## Exercise objective
Find the line that contains "If you prefer" in the records below, then repeat exactly that line and each one after it, leaving pictures out.

(Data provided Opens)

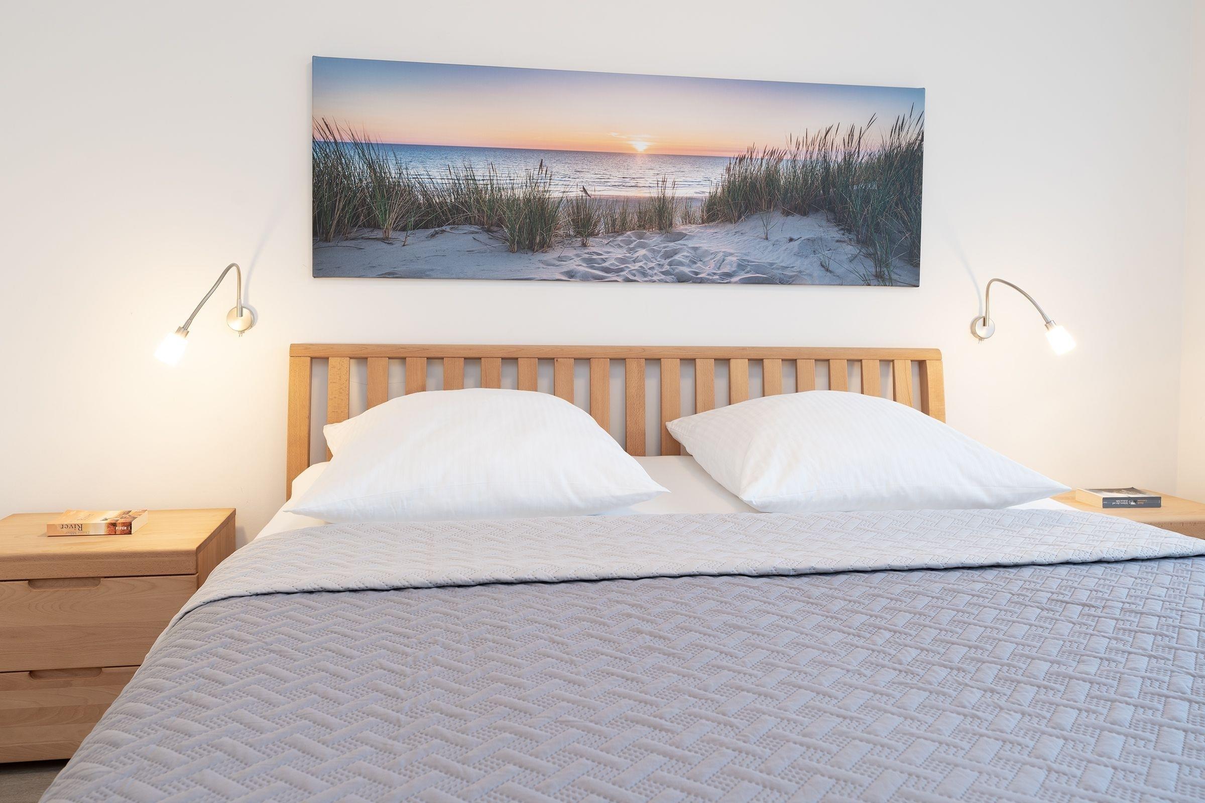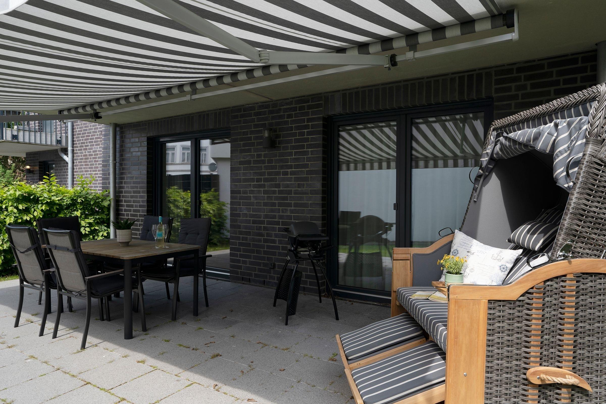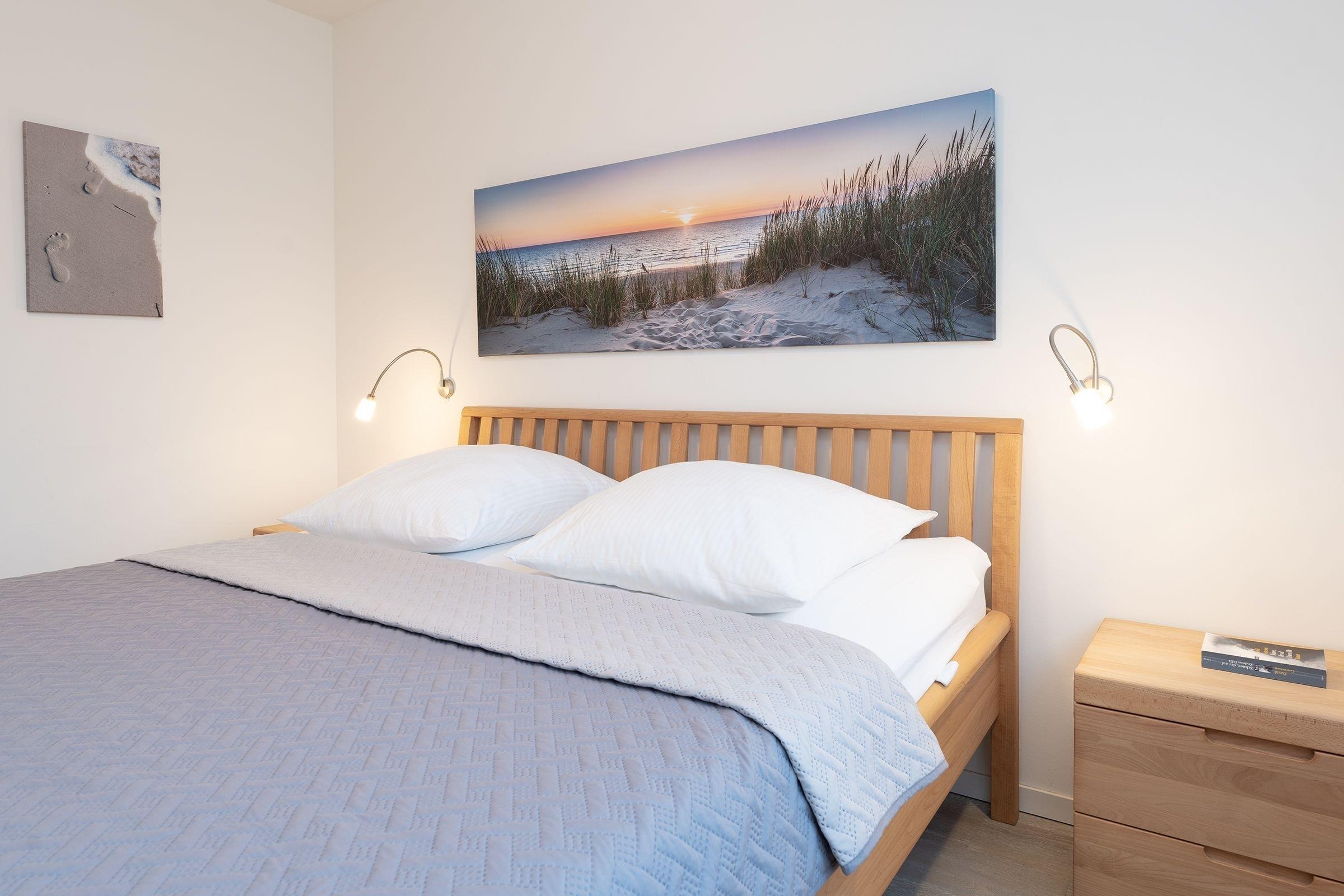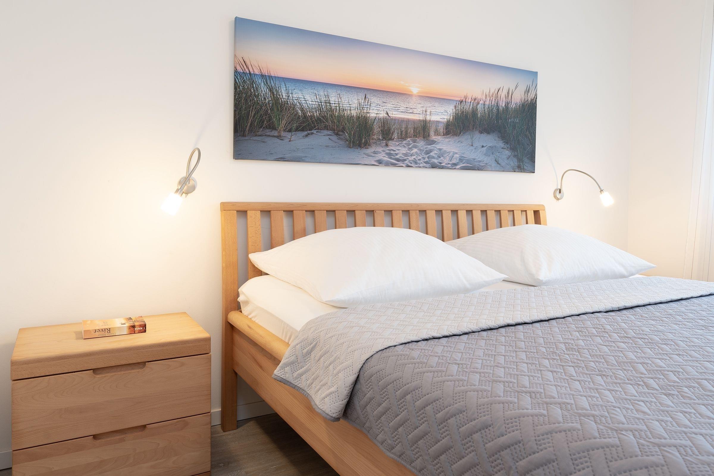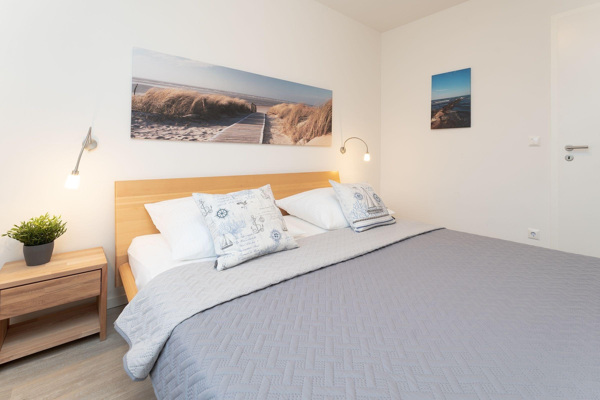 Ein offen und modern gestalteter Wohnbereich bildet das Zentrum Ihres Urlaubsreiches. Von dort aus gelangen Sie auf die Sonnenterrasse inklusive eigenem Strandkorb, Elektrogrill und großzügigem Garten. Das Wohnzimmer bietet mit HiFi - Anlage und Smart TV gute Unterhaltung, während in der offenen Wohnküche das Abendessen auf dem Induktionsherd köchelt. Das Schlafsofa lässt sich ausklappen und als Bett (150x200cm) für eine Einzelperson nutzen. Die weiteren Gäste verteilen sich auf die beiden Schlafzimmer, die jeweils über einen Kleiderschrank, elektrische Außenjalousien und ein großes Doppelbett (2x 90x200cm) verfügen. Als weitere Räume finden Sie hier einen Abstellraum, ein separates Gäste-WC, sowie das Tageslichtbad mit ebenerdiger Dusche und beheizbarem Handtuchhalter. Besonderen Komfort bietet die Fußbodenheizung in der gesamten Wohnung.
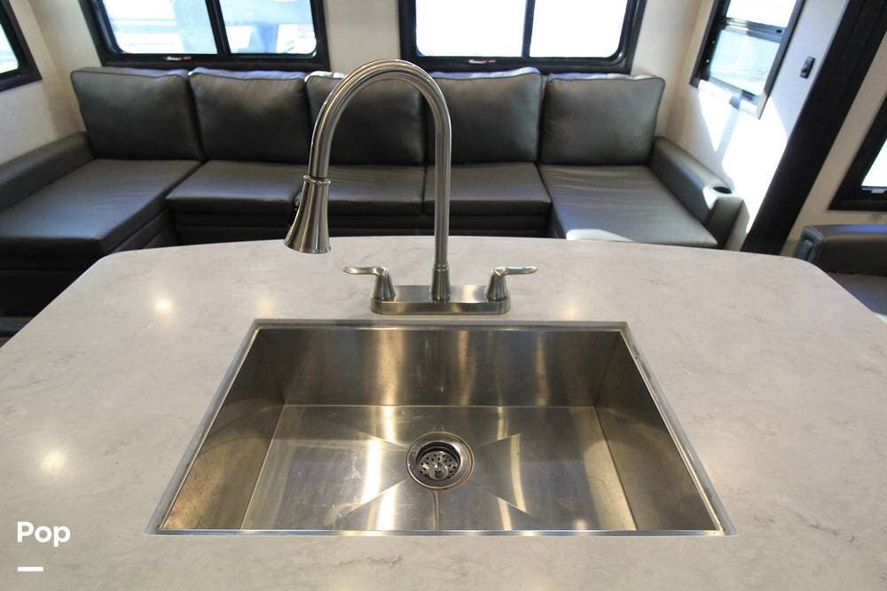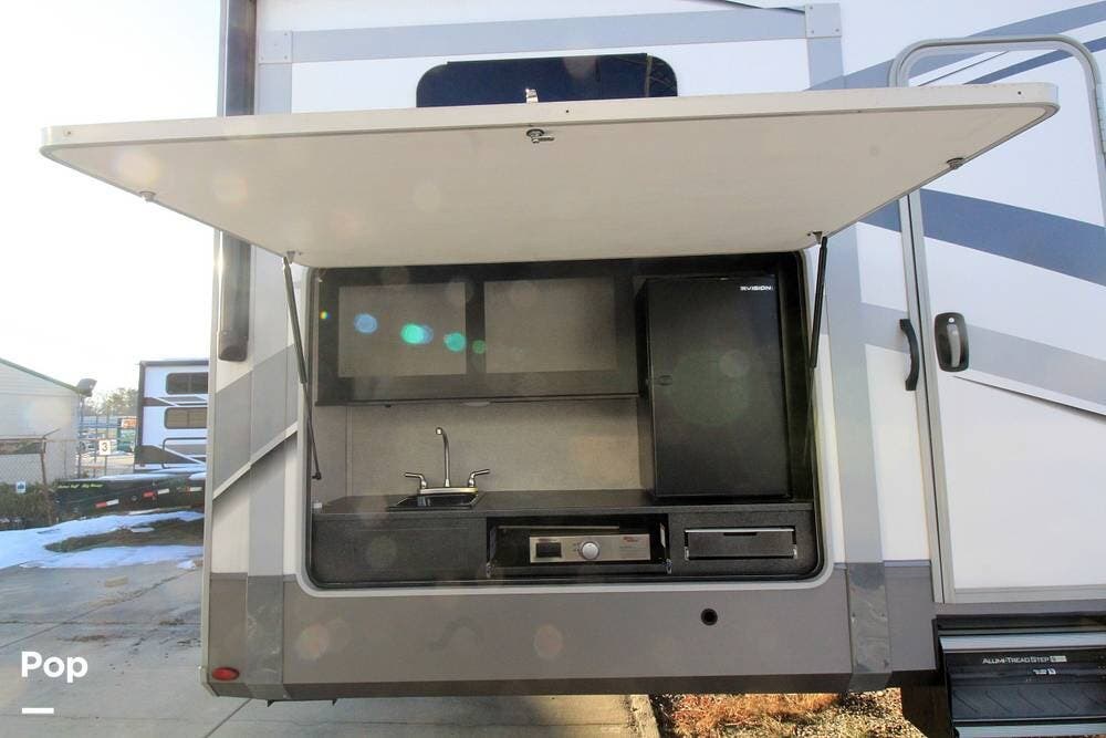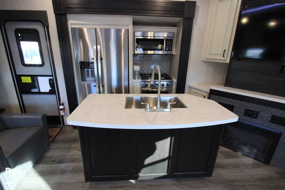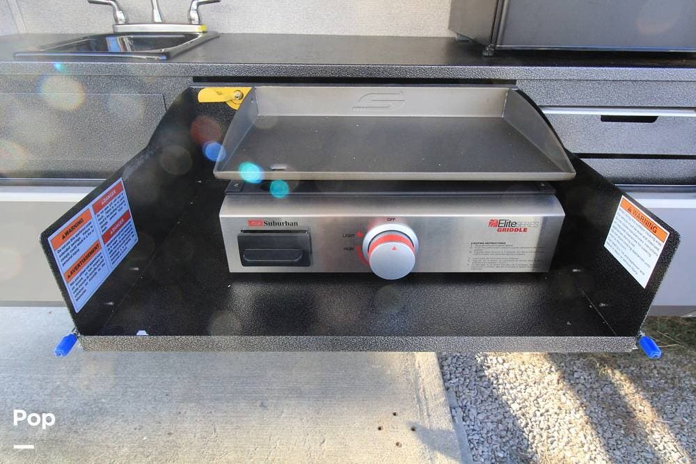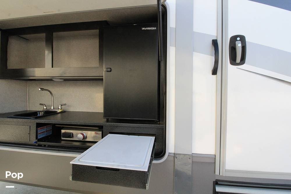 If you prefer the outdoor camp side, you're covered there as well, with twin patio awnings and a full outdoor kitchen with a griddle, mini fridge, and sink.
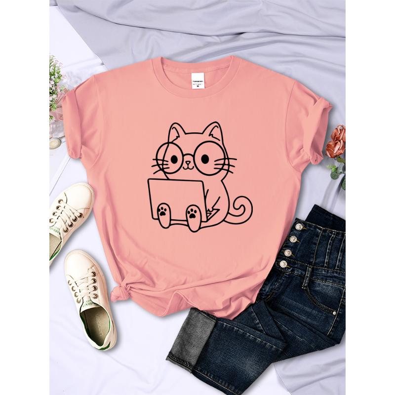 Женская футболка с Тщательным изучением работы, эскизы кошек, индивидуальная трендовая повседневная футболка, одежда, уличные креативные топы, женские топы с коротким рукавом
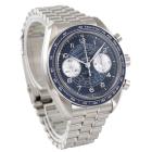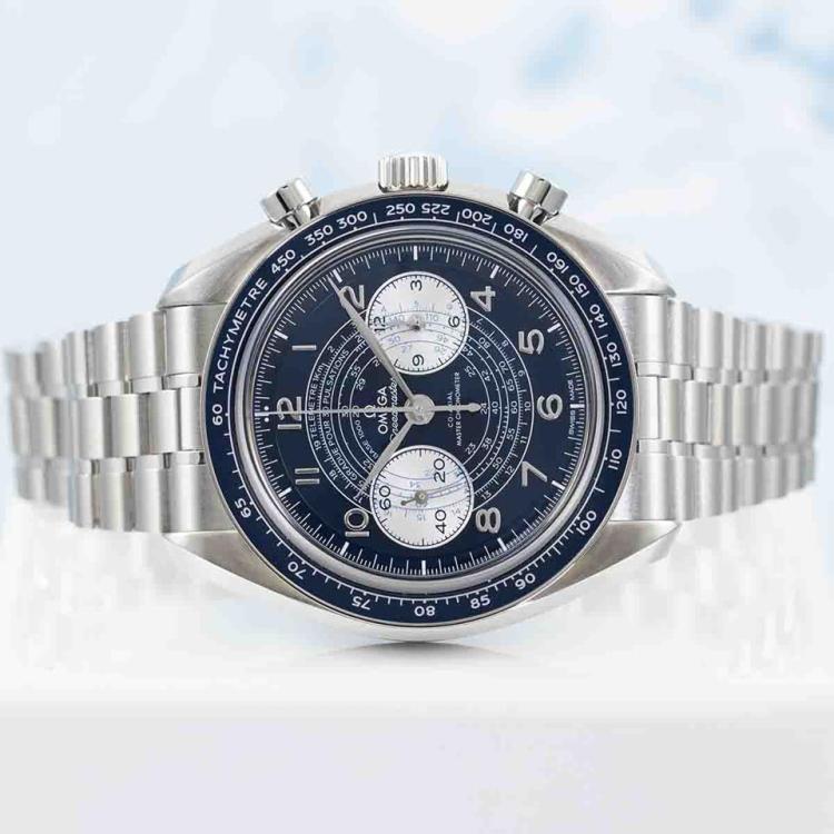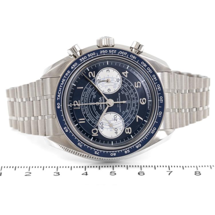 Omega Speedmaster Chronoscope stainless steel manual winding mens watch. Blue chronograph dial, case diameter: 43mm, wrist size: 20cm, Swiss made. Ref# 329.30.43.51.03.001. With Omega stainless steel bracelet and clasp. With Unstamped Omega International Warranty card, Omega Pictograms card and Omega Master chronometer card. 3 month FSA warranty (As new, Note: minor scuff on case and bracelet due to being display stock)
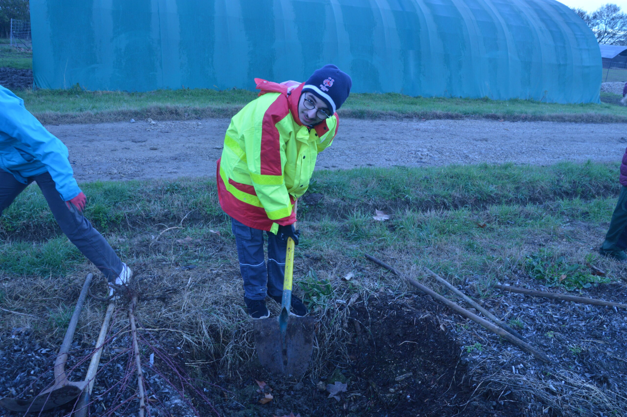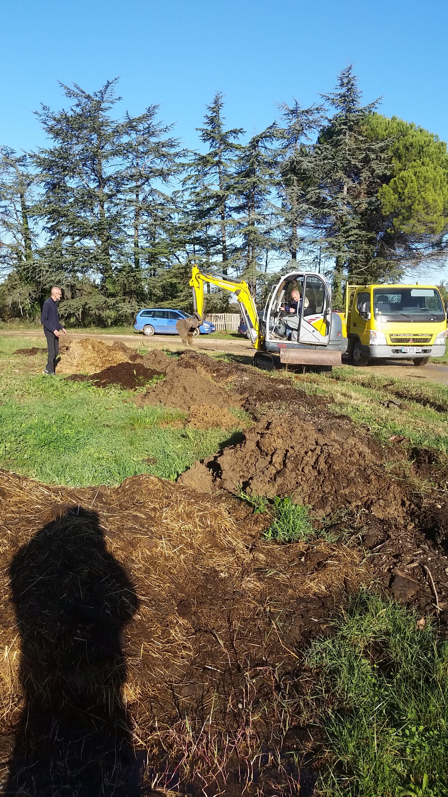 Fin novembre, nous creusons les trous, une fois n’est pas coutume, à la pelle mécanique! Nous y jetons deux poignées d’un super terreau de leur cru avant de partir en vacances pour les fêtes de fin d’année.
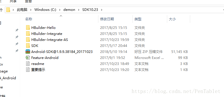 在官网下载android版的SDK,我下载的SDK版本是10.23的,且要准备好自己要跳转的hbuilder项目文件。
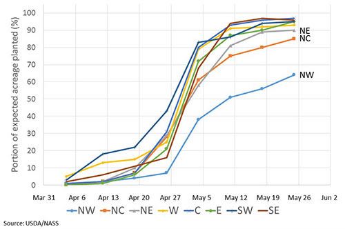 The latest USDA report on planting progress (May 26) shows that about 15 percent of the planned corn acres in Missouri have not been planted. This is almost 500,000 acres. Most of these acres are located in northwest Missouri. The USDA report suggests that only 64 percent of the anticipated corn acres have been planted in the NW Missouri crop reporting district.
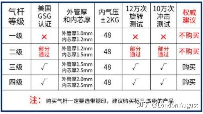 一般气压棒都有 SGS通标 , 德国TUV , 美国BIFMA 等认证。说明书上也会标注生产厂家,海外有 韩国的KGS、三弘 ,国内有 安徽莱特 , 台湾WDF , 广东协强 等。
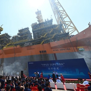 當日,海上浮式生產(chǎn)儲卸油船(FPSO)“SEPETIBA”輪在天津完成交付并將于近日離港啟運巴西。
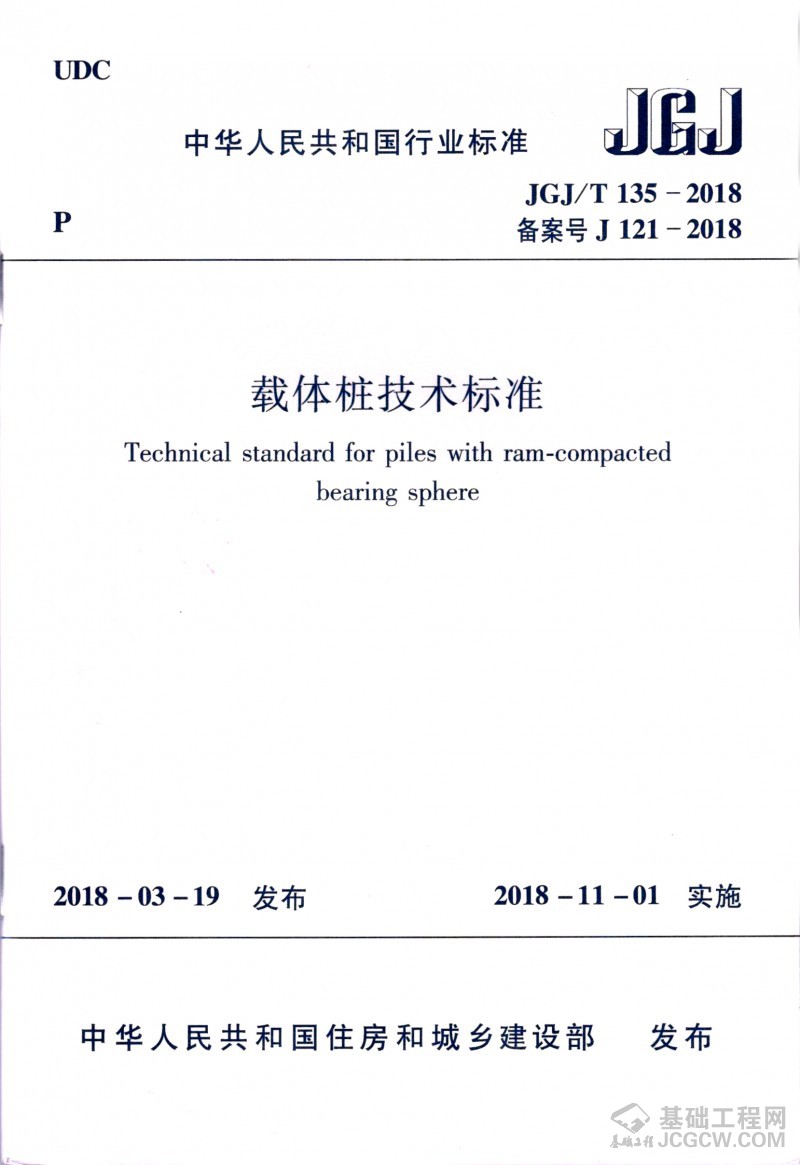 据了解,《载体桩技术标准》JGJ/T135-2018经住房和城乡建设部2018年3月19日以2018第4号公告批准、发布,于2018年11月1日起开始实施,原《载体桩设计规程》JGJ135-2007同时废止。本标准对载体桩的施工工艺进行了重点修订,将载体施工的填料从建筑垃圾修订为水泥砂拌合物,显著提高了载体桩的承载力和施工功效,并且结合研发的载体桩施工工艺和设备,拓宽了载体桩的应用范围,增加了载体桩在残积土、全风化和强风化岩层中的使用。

(Data provided Closes)

## Written solution
 If you prefer the outdoor camp side, you're covered there as well, with twin patio awnings and a full outdoor kitchen with a griddle, mini fridge, and sink.
 Женская футболка с Тщательным изучением работы, эскизы кошек, индивидуальная трендовая повседневная футболка, одежда, уличные креативные топы, женские топы с коротким рукавом
 Omega Speedmaster Chronoscope stainless steel manual winding mens watch. Blue chronograph dial, case diameter: 43mm, wrist size: 20cm, Swiss made. Ref# 329.30.43.51.03.001. With Omega stainless steel bracelet and clasp. With Unstamped Omega International Warranty card, Omega Pictograms card and Omega Master chronometer card. 3 month FSA warranty (As new, Note: minor scuff on case and bracelet due to being display stock)
 Fin novembre, nous creusons les trous, une fois n’est pas coutume, à la pelle mécanique! Nous y jetons deux poignées d’un super terreau de leur cru avant de partir en vacances pour les fêtes de fin d’année.
 在官网下载android版的SDK,我下载的SDK版本是10.23的,且要准备好自己要跳转的hbuilder项目文件。
 The latest USDA report on planting progress (May 26) shows that about 15 percent of the planned corn acres in Missouri have not been planted. This is almost 500,000 acres. Most of these acres are located in northwest Missouri. The USDA report suggests that only 64 percent of the anticipated corn acres have been planted in the NW Missouri crop reporting district.
 一般气压棒都有 SGS通标 , 德国TUV , 美国BIFMA 等认证。说明书上也会标注生产厂家,海外有 韩国的KGS、三弘 ,国内有 安徽莱特 , 台湾WDF , 广东协强 等。
 當日,海上浮式生產(chǎn)儲卸油船(FPSO)“SEPETIBA”輪在天津完成交付并將于近日離港啟運巴西。
 据了解,《载体桩技术标准》JGJ/T135-2018经住房和城乡建设部2018年3月19日以2018第4号公告批准、发布,于2018年11月1日起开始实施,原《载体桩设计规程》JGJ135-2007同时废止。本标准对载体桩的施工工艺进行了重点修订,将载体施工的填料从建筑垃圾修订为水泥砂拌合物,显著提高了载体桩的承载力和施工功效,并且结合研发的载体桩施工工艺和设备,拓宽了载体桩的应用范围,增加了载体桩在残积土、全风化和强风化岩层中的使用。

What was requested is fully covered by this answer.